Leveraging Gene Expression Data to Redefine Parkinson’s Disease and the Pathways Driving Disease in Different Individuals

Study Rationale: People with Parkinson’s disease (PD) share some common problems, such as stiffness, slowness of movement and tremors. However, these symptoms vary in severity, and individuals often have other nonmotor symptoms — including dementia, depression and constipation — making the disease very variable across individuals. Although we do not know how this variability arises, genetic studies suggest that a range of cellular processes may be involved in driving the onset and progression of PD, and that these processes may vary in importance across individuals.

Hypothesis: We hypothesize that people with clinically different PD experiences and outcomes have significant differences in their blood RNA profiles and that these differences will be apparent in the early stages of the disease.
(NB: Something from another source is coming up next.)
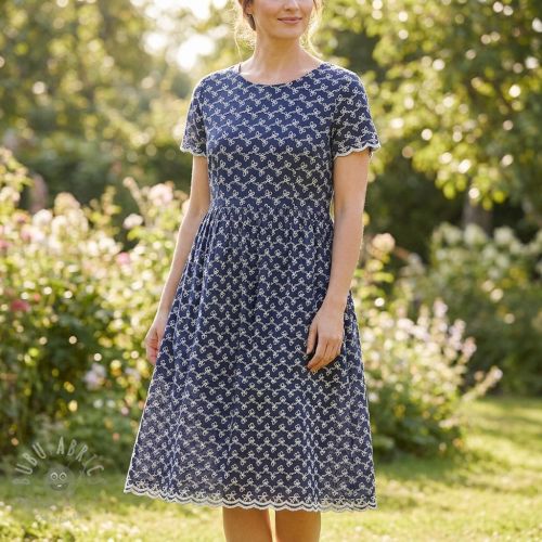 Țesătură din bumbac EMBROIDERY Rosemary navy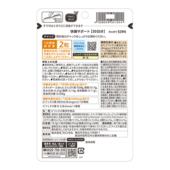 HOME 食品/雑貨 サプリメント 快腸サポート FANCL 快腸サポート 1袋(60粒)・約30日分 免税価格¥2,200 5524100304 / 4908049341954 免税価格 ¥2,200 5524100304 / 4908049341954 数量 1 カートにいれる お気に入りに追加 ご注文可能店舗 成田空港 成田空港第1ターミナル 成田空港 成田空港第2ターミナル 茨城空港 いわて花巻空港 ファンケルの「快腸サポート」には生きたビフィズス菌BB536(B.longum)が含まれます。ビフィズス菌BB536(B.longum)は、腸内環境を整え、お通じを改善することが報告されています。 ご注文可能店舗 成田空港 成田空港第1ターミナル 成田空港 成田空港第2ターミナル 茨城空港 いわて花巻空港 一覧に戻る FANCLの商品をもっと見る ※実際の商品の色と異なる場合がありますのでご了承ください。 ※免税価格および取扱い商品は、都合により変更させていただく場合がございます。 ※サイト上に掲載している商品でもお品切れ・完売となっている場合がございますのでご了承ください。未成年者へのお酒・たばこ類の販売はいたしておりません。 関連商品から探す 免税店限定NRT1NRT2IBRHNA SUNTORY WELLNESS セサミンEX 箱入り 270粒 ※お1人様6点まで ¥10,500 0017171003 NRT1NRT2IBRHNA SUNTORY WELLNESS ロコモア 360粒 ※お1人様6点まで ¥9,900 0017320991 NRT1NRT2IBRHNA SUNTORY WELLNESS ローヤルゼリー+ セサミンE 120粒 ※お1人様6点まで ¥5,800 0017320996 NRT1NRT2IBRHNA SUNTORY WELLNESS Milcolla ミルコラ 30包 ※お1人様6点まで ¥5,400 6313020004 NRT1NRT2 FANCL 徳用40代からのサプリメント女性 45〜90日分 30袋(1袋中5粒)×3袋 ¥11,090 6314100103

Study Design: We will use data from the Parkinson’s Progression Marker Initiative to study blood RNA profiles generated from individuals with PD over time. Using RNA-sequencing data, we will capture information about gene expression, splicing and mitochondrial RNA expression and processing. We will then integrate this data with clinical information to determine whether there are transcriptomic signatures that distinguish between patient groups and whether these differences can be identified early in the disease process. Finally, we will use publicly available and separately funded brain transcriptomic data to identify common transcriptomic signatures between brain and blood, particularly in PD patients with dementia.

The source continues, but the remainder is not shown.